John A. Lent's Out of Africa: The Saga of Exiled Cartoonists in France provides an account of the situations of West African and North African cartoonists that are in exile in France mostly for political reasons. Supported by the author's interviews with the cartoonists, this article informs the reader about the types of narratives produced by these artists as well as the difficulties they have to face in exile.

Ahu Paköz reviews Marjane Satrapi's graphic memoir Persepolis within the larger framework of Iranian Politics and Iranian Women's memoirs in A Reawakening of Memories in Comic Form: Persepolis by Marjane Satrapi. Her article gives an insight to the place of women in Iranian culture and the experiences of Iranian expatriates through Satrapi's work.

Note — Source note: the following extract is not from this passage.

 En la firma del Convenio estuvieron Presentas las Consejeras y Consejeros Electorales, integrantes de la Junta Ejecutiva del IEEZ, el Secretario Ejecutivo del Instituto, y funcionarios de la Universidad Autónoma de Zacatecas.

In The Cultural Biographies and Social Lives of Manga: Lessons from the Mangaverse, Mio Bryce, Jason Davis and Christie Barber interrogate the absence of Manga from undergraduate textbooks for Media and Cultural Studies students, despite its success in transcending Japanese visual culture and becoming an international publishing success.

Peter Doyle's If Walls Could Talk: The Comic Strip in the Museum, discusses the implications of exhibiting comics and graphic novels in museums. Through case studies of two museum exhibitions of graphic novel storyboards, this article questions the relationship between the traditionally non-linear space of the museum and the linear nature of the comic art.

References

Dorrell, L., Curtis, D., and Rampal, K. (1995) 'Book worms without books? Students reading comic books in the school house'. Journal of Popular Culture, 29, 223-234.

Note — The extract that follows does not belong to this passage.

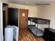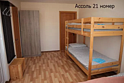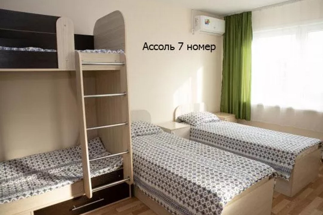 - 2 односпальные кровати (или одна двуспальная), одна двухъярусная кровать, шкаф, 2 тумбочки, 4 комплекта постельного белья, полотенце на каждого и выход на балкон. В каждом номере есть небольшой балкон (индивидуальный или совместный с соседним номером). Сушилка для белья.

Harvey, R. C. (1996). The Art of the Comic Book: An Aesthetic History.  United States of America: University of Mississippi Press. 

Jacobson, S. and Colón, E. 'A Statement on the 9/11 Report: A Graphic Adaptation'. Amazon.com http://www.amazon.com/gp/feature.html?docId=1000010091 accessed 17th July 2008.

Lent, J. A. (1994a). Comic Books and Comic Strips in the United States: An International Bibliography. Westport, CT: Greenwood Press.

Lent, J. A. (1994b). Comic Art of Europe: An International Comprehensive Bibliography. Westport, CT: Greenwood Press.

Lent, J. A. (1996). Comic Art in Africa, Asia, Australia, and Latin America: A Comprehensive International Bibliography. Westport, CT: Greenwood Press.

Lent, J. A. (ed). International Journal of Comic Art. http://www.ijoca.com (Since 1999).

McCloud, S. (1993). Understanding comics: The invisible art. Northampton, MA: Kitchen Sink Press.

Sabin, R. (1993). Adult Comics: An Introduction. London and New York: Routledge.

Sones, W. (1944). 'The comics and instructional method'. Journal of Educational Sociology, 18, 232-240.

Wolk, D. (2007) Reading Comics and What They Mean. United States of America: Da Capo Press.